Could you restate, exactly and with nothing added, the lines from the start of the data through the line that holds "Bird encounters included", leaving the pictures out?
*** SOURCE INFORMATION
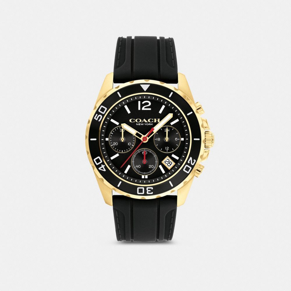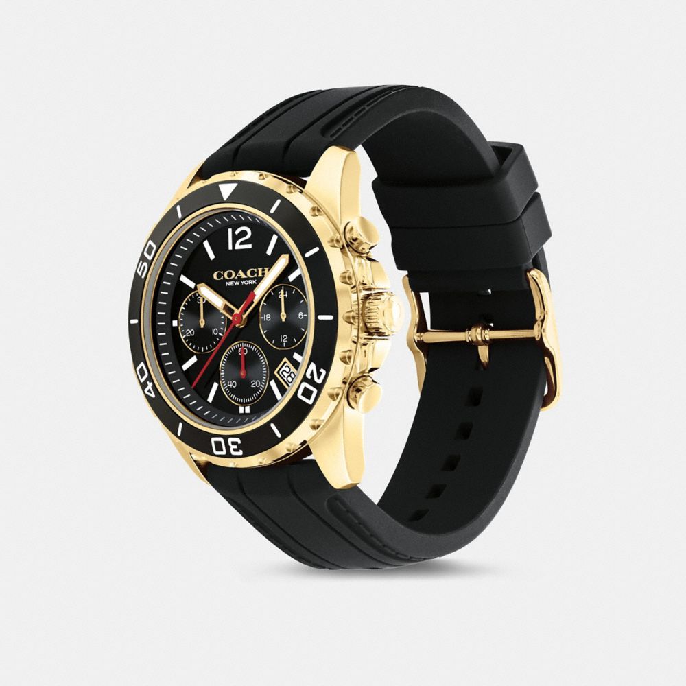 Gold tone case and black rubber strap
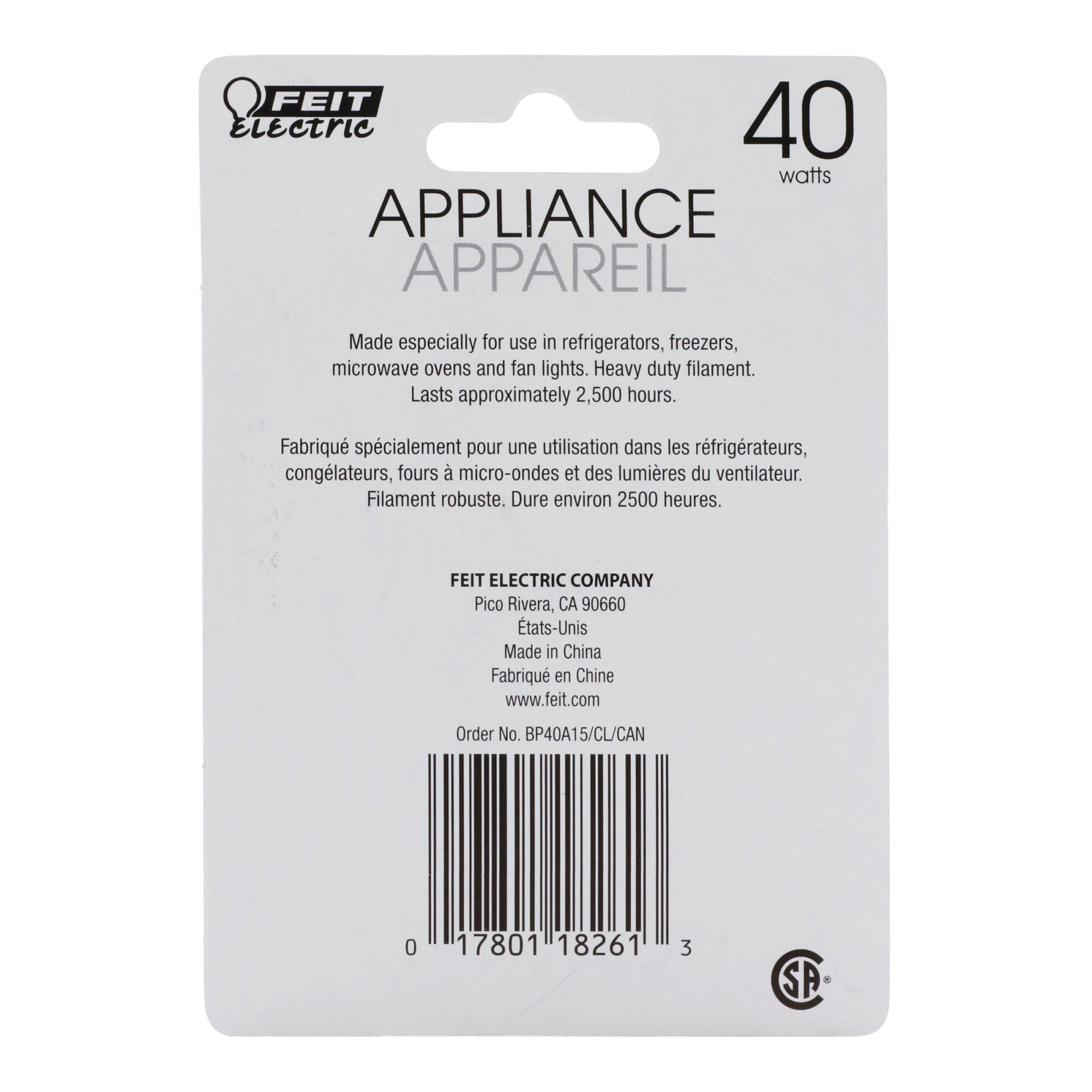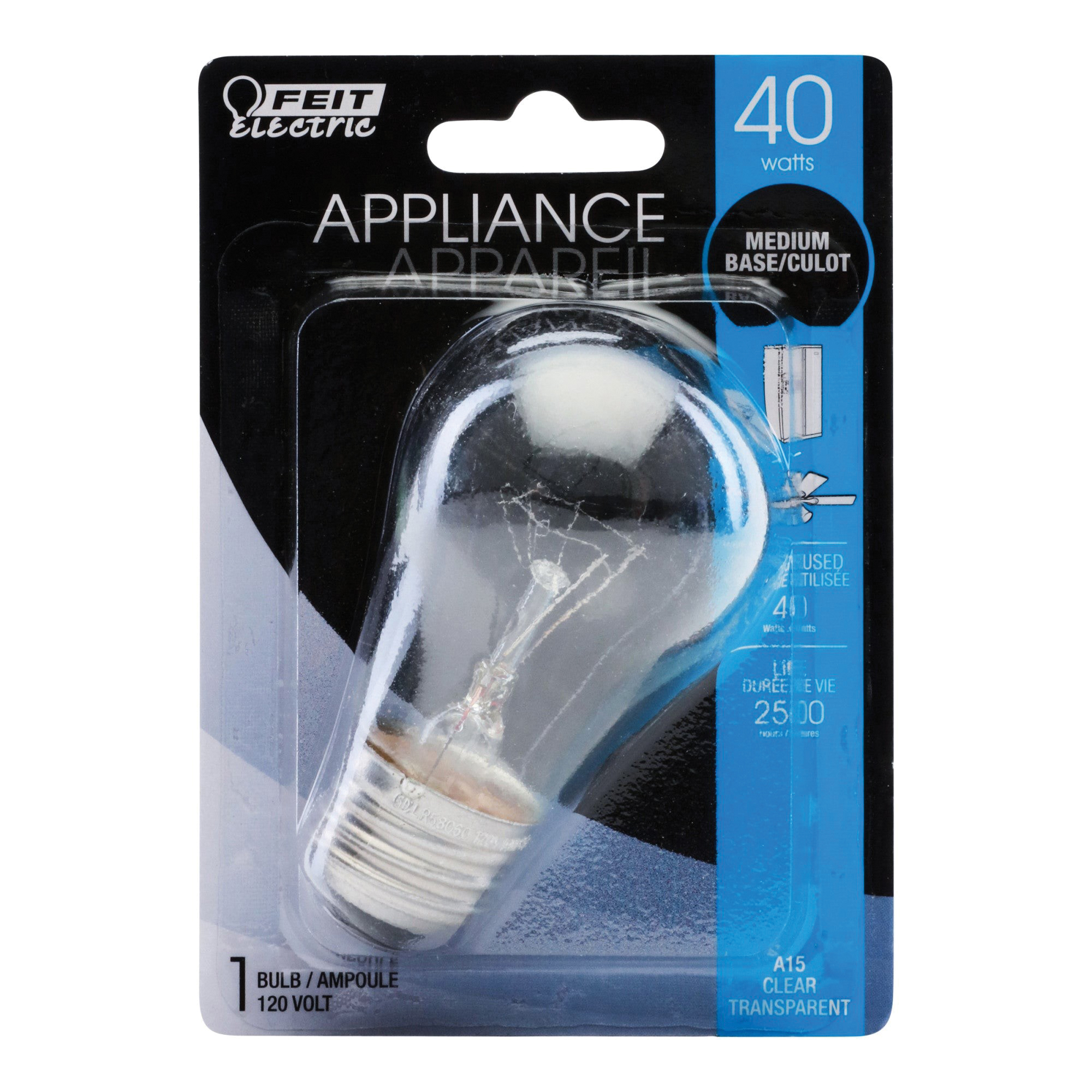 This Feit Electric 40 W incandescent clear A15 specialty light bulb can be used for appliances or special use applications. It has an E26 medium base, an average of 2500 hr and operates at 120 V. Choose a dependable Feit Electric specialty use light for your home or business.
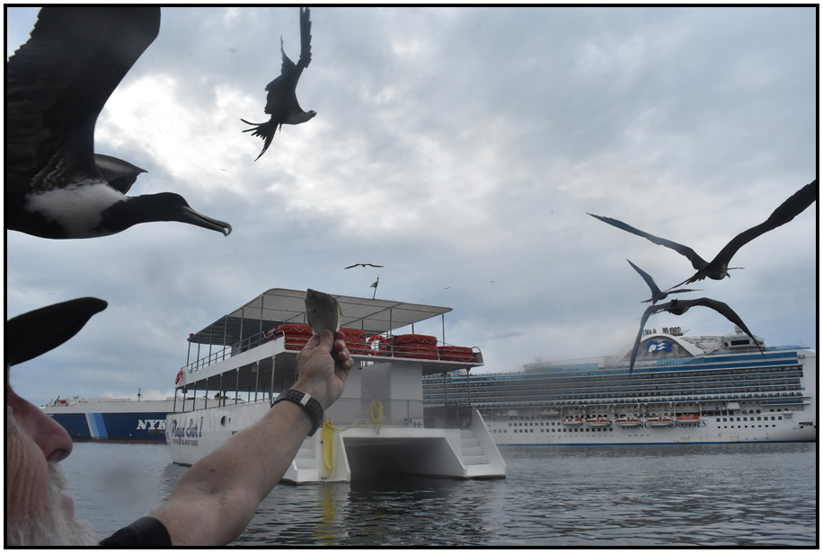 Bird encounters included the big pelican that joined us on the front of the boat and several big frigate birds that would swoop down to take fish from your hand.
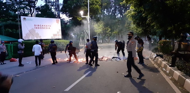 Pengejaran dilakukan lantaran puluhan orang itu melempari polisi dengan batu, botol minuman plastik, hingga melalukan pembakaran sampah di tengah Jalan Raya Gatot Subroto yang mengarah ke Slipi, Jakarta Barat.
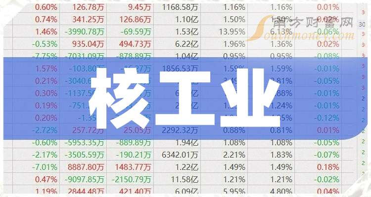 據(jù)南方財(cái)富網(wǎng)概念查詢工具數(shù)據(jù)顯示,核工業(yè)題材股有:
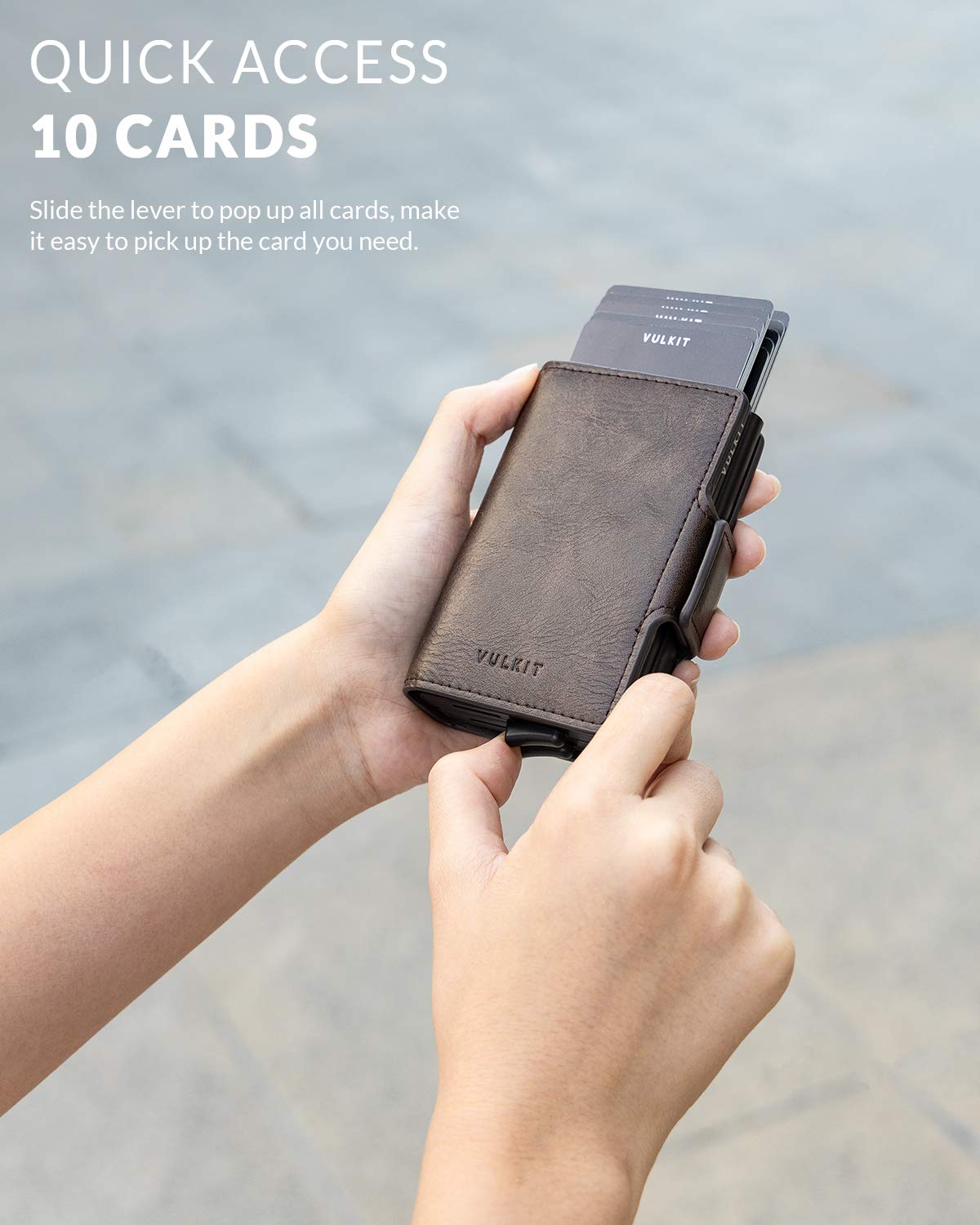 - QUICK ACCESS 10 CARDS: slide over the lever the cards pop out in a tiered fashion where you can easily access any of the cards stored in there.
******
> SOLUTION TO THE EXERCISE:
 Gold tone case and black rubber strap
 This Feit Electric 40 W incandescent clear A15 specialty light bulb can be used for appliances or special use applications. It has an E26 medium base, an average of 2500 hr and operates at 120 V. Choose a dependable Feit Electric specialty use light for your home or business.
 Bird encounters included the big pelican that joined us on the front of the boat and several big frigate birds that would swoop down to take fish from your hand.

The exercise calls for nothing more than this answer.